> Jim,
> 
> I'm sorry to say that your entire concept of threading and transactions is
> incorrect.  I don't mean to hassle you over this, but it's steering people
> in the wrong direction.
>
> Transactions were not created to either manage or account for threading
> issues; the transaction occurs in an entirely different layer of the
> architecture altogether.  Transactions exist for one reason only, and that
> is to ensure that all such statements that compose a transaction are
> considered as a single atomic action.

Exactly.  I agree.  My statement was simplistic.

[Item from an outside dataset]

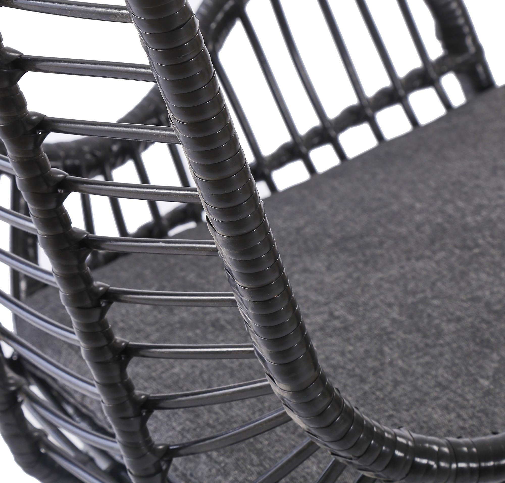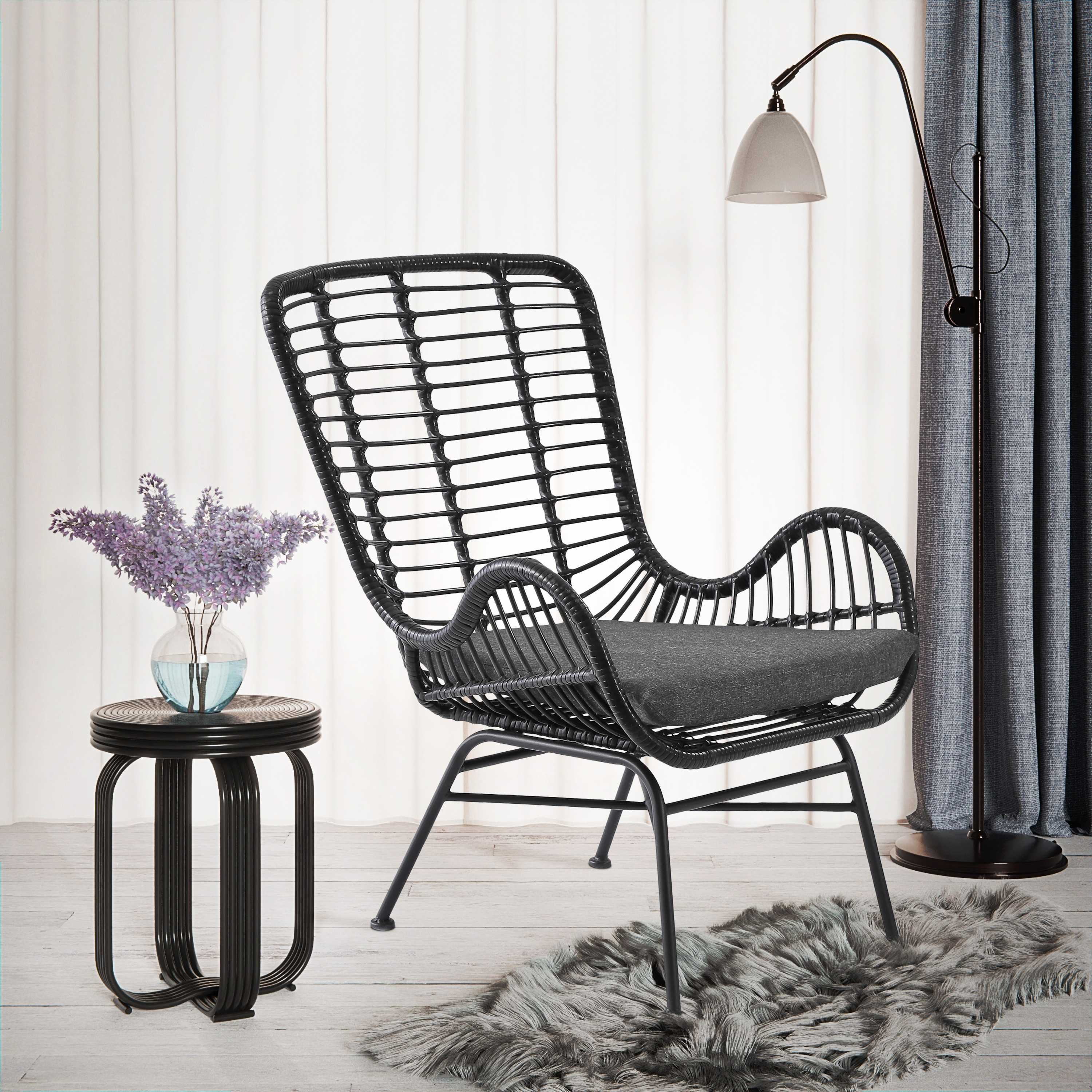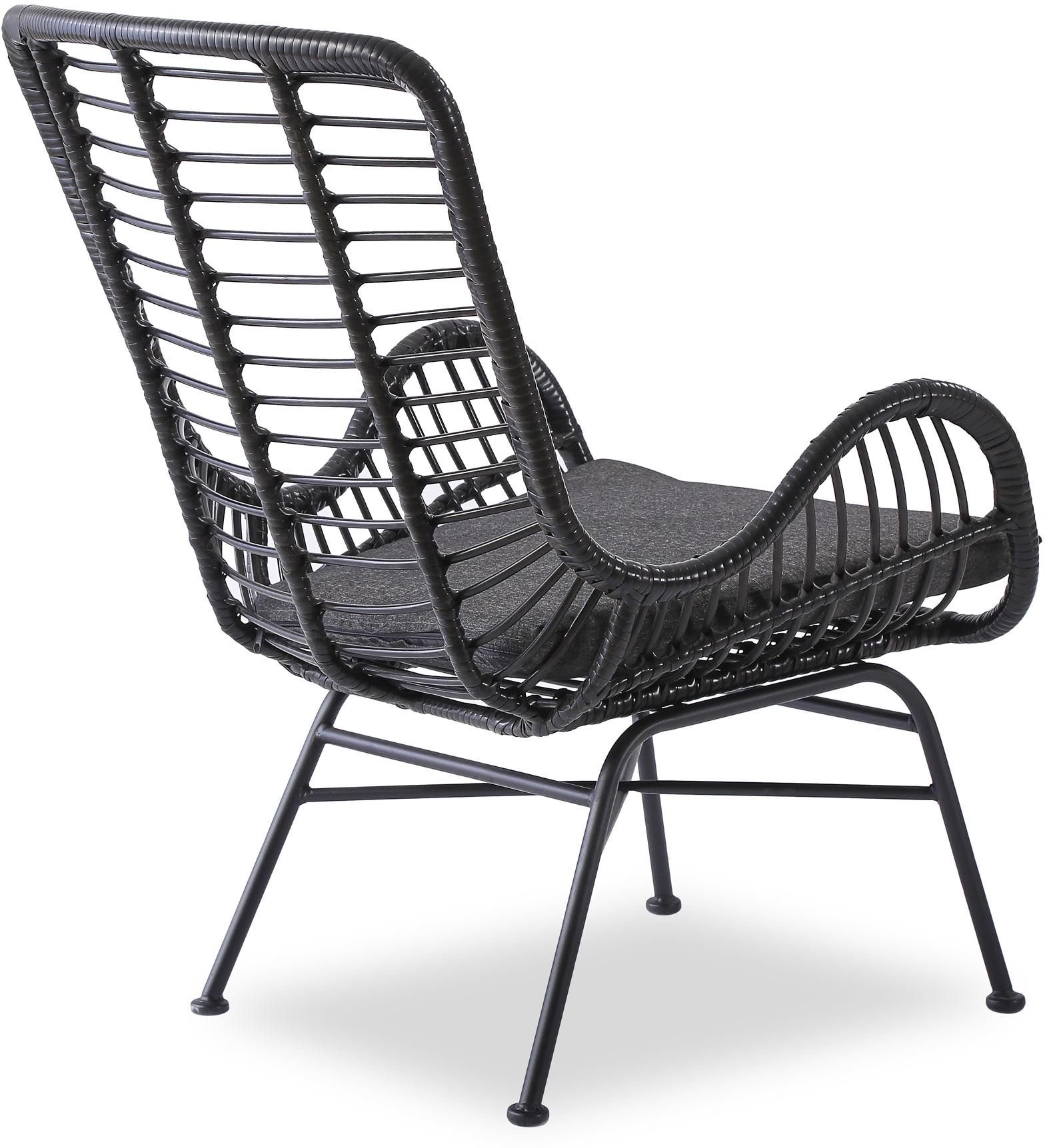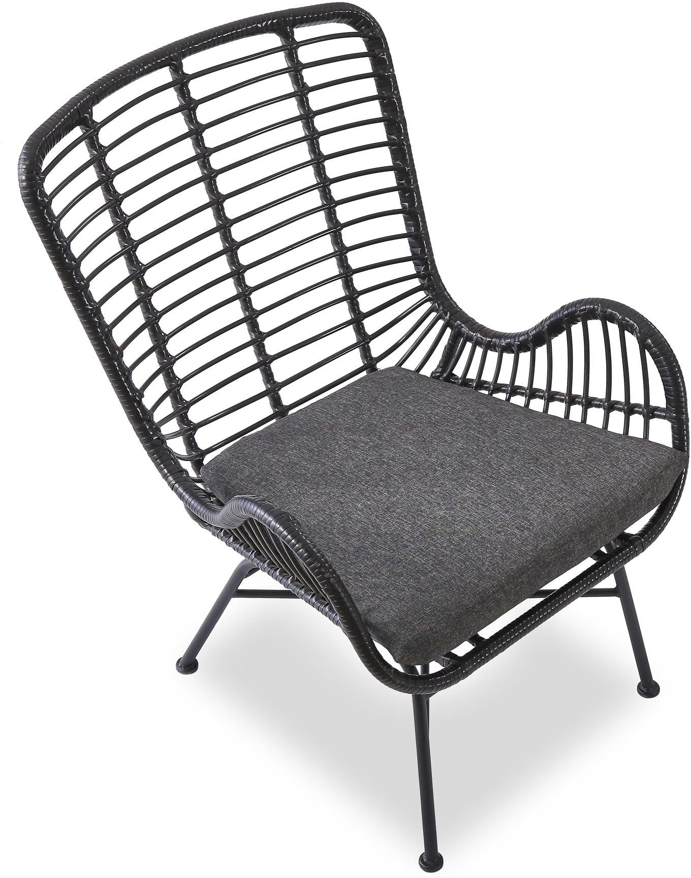 Fotelja Ikaro je idealna za opuštanje na terasi ili u modernim interijerima. Naslon i sjedište sa priloženim jastukom sive boje osiguravaju udobnost tijekom sjedenja. Fotelja ima četiri noge od lakiranog crnog čelika, a zahvaljujući čvrstoj i stabilnoj konstrukciji je sigurna za sjedenje. Ratan se odlikuje visokom otpornošću na sve vremenske uvjete, stoga je fotelja Ikaro idealan odabir za korištenje tijekom svih godišnjih doba i duge sate provedene s prijateljima uz kavu u prekrasnom prirodnom okruženju.

BUT - the fundamental reasons that things NEED to be grouped this way,
treated as atomic units, is that multiple actions can occur from multiple
users at the same time.  If all actions on a DB were made completely in
serial there would be little need for the kind of transactionalized
processing we're talking about.

If all actions taken were in serial then the concept of "transactions"
wouldn't exist beyond a simple "undo".  You would, instead of locking the
resource(s), performing the statements and then committing (or rolling back)
the transaction simply be marking the start point of the "statement stream".
When done you would commit that to disk or throw it away.

All the usage complexity if transactions come from multi-process issues, not
encapsulation.

You still have the complexity (internally) of memory vrs disk state (another
topic best left out, I think, when dealing with beginners), but that's
nothing compared to effectively managing race conditions and shared resource
access.

If we lived in serial world you may still have a "Transaction" statement,
but it would be quite a different beasty.

> escalation, which in turn impacts transactional isolation all over again.
> None of this has much to do with threading; if you completely changed how
> the requests arrived at the database engine, nothing would change with
> respect to transaction execution.

The only reason that threading hasn't any impact on this is BECAUSE of
transactionalized processing (which, I think, enforces my point).  If there
was no transactional capability then all statements from all users would
come in pell-mell and cause havoc.

Transactions (whether explicitly or implicitly set) allow the DB to manage
multiple processes (I used the term "threads") effectively.

I was using the term "thread" in a very simplistic, non-technical way both
from weariness (it was 5 am...) and because I was attempting to simplify the
explanation for the original poster.

I heartily admit that on the literal interpretation of my statement I was
wrong but I still feel strongly that the spirit of the statement: that DB
transactions are VERY IMPORTANT to managing shared resources is true.